Look below for the line with "TESLA BATTERIES EXPLODE" and the line with "Grey Fabric Arm Chair". Copy exactly those two lines and every line between, but not the pictures.

Dataset content -
____________________

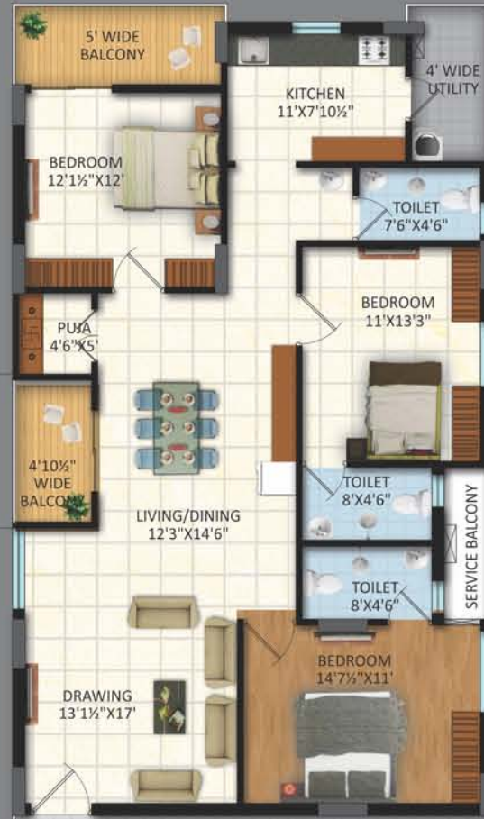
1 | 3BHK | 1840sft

____________________

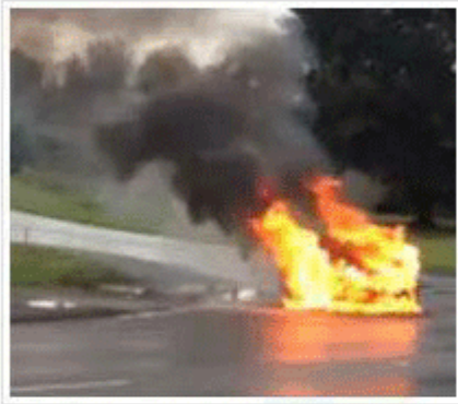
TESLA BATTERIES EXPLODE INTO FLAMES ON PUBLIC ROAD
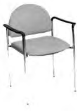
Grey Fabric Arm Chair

____________________

Solution below -
TESLA BATTERIES EXPLODE INTO FLAMES ON PUBLIC ROAD
Grey Fabric Arm Chair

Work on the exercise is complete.